A pesar de ser un hombre, nunca ha maltratado o violado a una mujer, lo cual, a juzgar por la narrativa de ciertos políticos y medios, le convertiría en una aberración estadística. Es algo que le hace sentir bastante orgulloso, hasta que recuerda que la inmensa mayoría de tíos no sólo no han maltratado en modo alguno a ninguna mujer, sino que además tienen que hacer un esfuerzo consciente para comunicarse con normalidad con una que les parezca mínimamente atractiva.
K piensa francamente que M se mea en la boca de las mujeres atractivas, y para decir la verdad, está seguro de que podría cumplir sus fantasías pasivas de lluvia dorada con ella. Como se puede ver, se plantean bastantes obstáculos de pensamiento mágico, pero, cuando se quiere dar cuenta, le han sentado a la mesa frente a nada menos que la susodicha.

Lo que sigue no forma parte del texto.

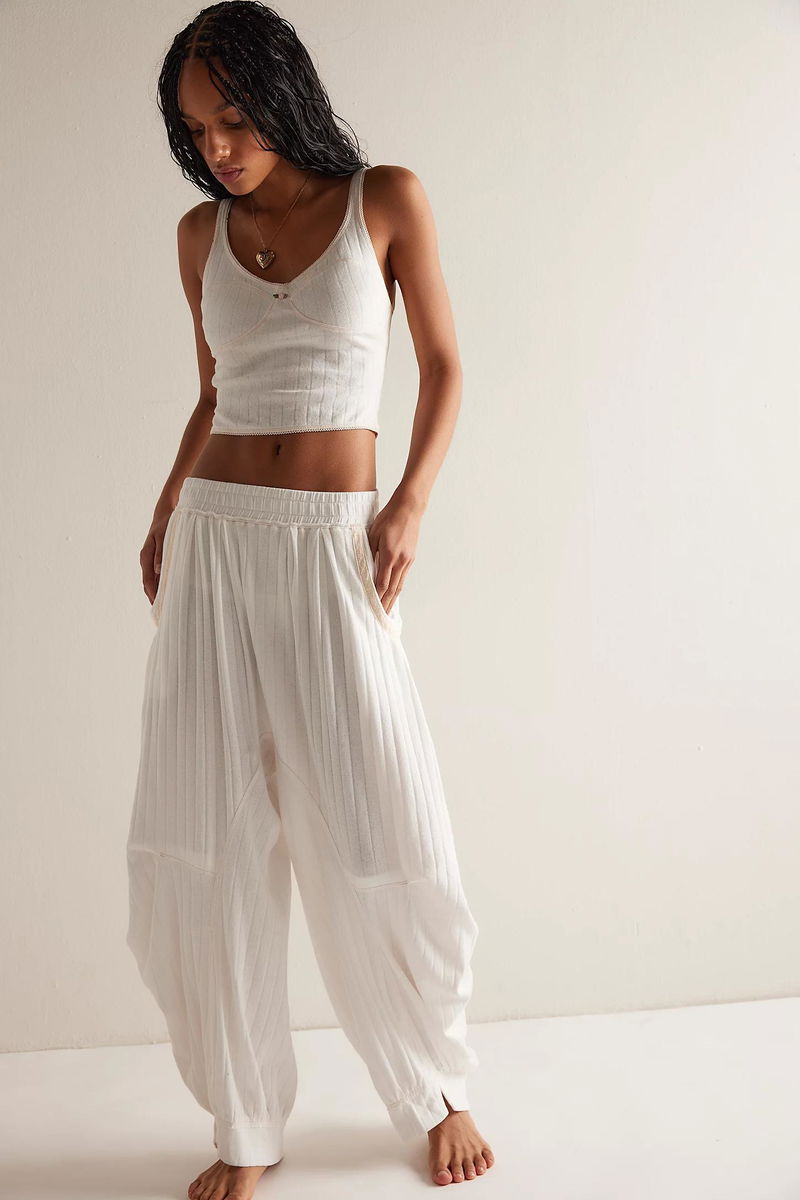 Endlessly comfy in the softest pointelle cotton fabrication, these lounge pants from Intimately feature a wide-leg, balloon silhouette, seam details, and a cool dropped crotch design for a relaxation-ready pair.

Siempre se habla de fingir cierto desinterés para interesar a la otra persona. K está seguro de que eso a veces funciona. A mucha gente no le interesa lo fácil, a ciertas personas no les seduce que te lances a sus brazos cuando silban. Es comprensible.
Pero K nunca ha tenido ninguna actitud concreta para con las mujeres. Mas bien se siente algo descompuesto frente a la que le gusta, se le cierra el estómago, procura elegir bien las palabras y, si acaba llegando el momento de desabotonarse o bajar cremalleras, actúa incrédulo por lo que está a punto de suceder.
Es probable que K no tenga una gran autoestima. Baja autoestima + timidez + alto grado de perversión + por qué no decirlo: un pene muy por encima de la media (aunque sin llegar a medidas circenses). Como todo lo demás que no importa, el tamaño no importa hasta que importa. Pero de momento el pene está encogido y expectante, arrugado cual criatura amorfa de Star Wars.

Tampoco hay manera de fingir desinterés ante semejante mujer. Ambos saben lo que está pasando, y lo que pasa es que ella se lo está pensando; porque es ella quien decide, y él está siendo evaluado. O quizá ella ya ha decidido. En cualquier caso, él ahora es el único ciudadano del país M, y M no es una democracia. Sólo puede intentar actuar como alguien follable. De entrada nunca piensa que deba “ser él mismo” en semejantes situaciones. Tiene que parecer mucho mejor que él mismo, olvidarse de él mismo. No tiene que ser una versión mejorada de sí mismo, no tiene que ser él mismo de ninguna de las maneras. Tiene que ser el tío con el que ella se querría acostar, teniendo en cuenta que ella podría acostarse literalmente con quien quisiera, quizá incluso trascendiendo gustos sexuales, teorías de género y todas las chorradas posmo universitarias que se te puedan ocurrir. Lo más cínico que se le puede aconsejar a alguien es: sé tú mismo.
Lo malo es que todo eso sigue formando parte del ámbito téorico. Quizá es más lúcido que decir “sé tú mismo”, pero no más útil.
En la vida real, la acción casi nunca va de guiones, carreras y persecuciones. La acción es más bien invisible. El equivalente real de la explosión a lo Michael Bay de una gasolinera, es el zapato de una chica rozándote a caso hecho por debajo de la mesa. La mayor parte de lo que se dice suele ser insustancial. Hay quien dice que las primeras citas son como entrevistas de trabajo. Por la experiencia de K, eso también es mentira. A menudo una cita es un cúmulo de comentarios inócuos a modo de raíles que sirven para llegar a tener sexo con alguien que al menos no te caiga demasiado mal.
Tinder ya existía antes de Tinder. Internet no inventa, sólo recoge.
M mira a K como si ella no tuviera todo el poder sexual. Lo único parecido al sexo que se desprende de K son las ganas.
Hablan de la nochevieja, la única experiencia que tienen en común. Y K no hace otra cosa que absolutamente lo contrario a lo que aconsejarían todos los manuales honestos de la conversación con intención: ser él mismo.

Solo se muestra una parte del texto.